Start of Given information

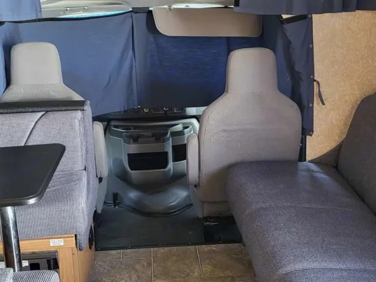 Private bathroom with toilet, sink, and a full shower – perfect for boondocking or campground hopping.Easy to Drive – Built on a Ford E-450 Chassis
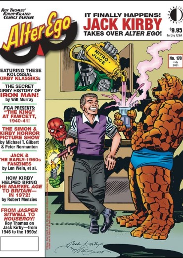 In AE #170, it finally happens! Jack Kirby showcased cover-to-cover in an issue of Alter Ego-behind a never-before-printed Kirby cover! Will Murray on Kirby's crucial contributions to the creation of Iron Man-FCA on his Captain Marvel/Mr. Scarlet work at early-'40s Fawcett-special Kirby sections by Michael T. Gilbert & Peter Normanton-Kirby in 1960s fanzines-Stan Lee's colorful quotes about 'The King'-Roy Thomas on being a Kirby fan (and occasional foil) from 1946 till today-plus other klassic Kirby sightings!
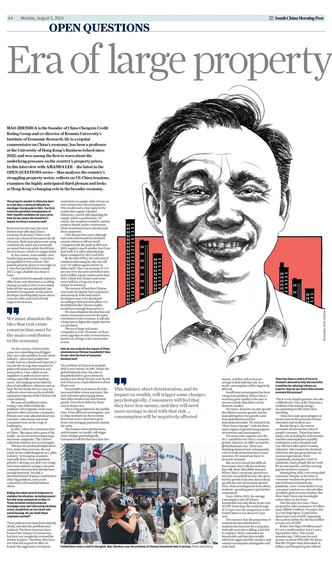 近日,香港南華早報(bào)(South China Morning Post, SCMP)在“開放問題”欄目利用兩個(gè)整版刊登了對毛振華教授的專訪,記錄了毛振華教授對當(dāng)前中國及香港經(jīng)濟(jì)的判斷和建議。南華早報(bào)始創(chuàng)于1903年,不僅是香港銷量最高的報(bào)章,也是亞洲最具公信力和影響力的媒體之一。下文為英文專訪的翻譯稿,閱讀英文原文請掃描下方二維碼閱讀。

End of Given information

Write out again every line above exactly as given; the pictures do not belong in the copy.

→ Written response:
 Private bathroom with toilet, sink, and a full shower – perfect for boondocking or campground hopping.Easy to Drive – Built on a Ford E-450 Chassis
 In AE #170, it finally happens! Jack Kirby showcased cover-to-cover in an issue of Alter Ego-behind a never-before-printed Kirby cover! Will Murray on Kirby's crucial contributions to the creation of Iron Man-FCA on his Captain Marvel/Mr. Scarlet work at early-'40s Fawcett-special Kirby sections by Michael T. Gilbert & Peter Normanton-Kirby in 1960s fanzines-Stan Lee's colorful quotes about 'The King'-Roy Thomas on being a Kirby fan (and occasional foil) from 1946 till today-plus other klassic Kirby sightings!
 近日,香港南華早報(bào)(South China Morning Post, SCMP)在“開放問題”欄目利用兩個(gè)整版刊登了對毛振華教授的專訪,記錄了毛振華教授對當(dāng)前中國及香港經(jīng)濟(jì)的判斷和建議。南華早報(bào)始創(chuàng)于1903年,不僅是香港銷量最高的報(bào)章,也是亞洲最具公信力和影響力的媒體之一。下文為英文專訪的翻譯稿,閱讀英文原文請掃描下方二維碼閱讀。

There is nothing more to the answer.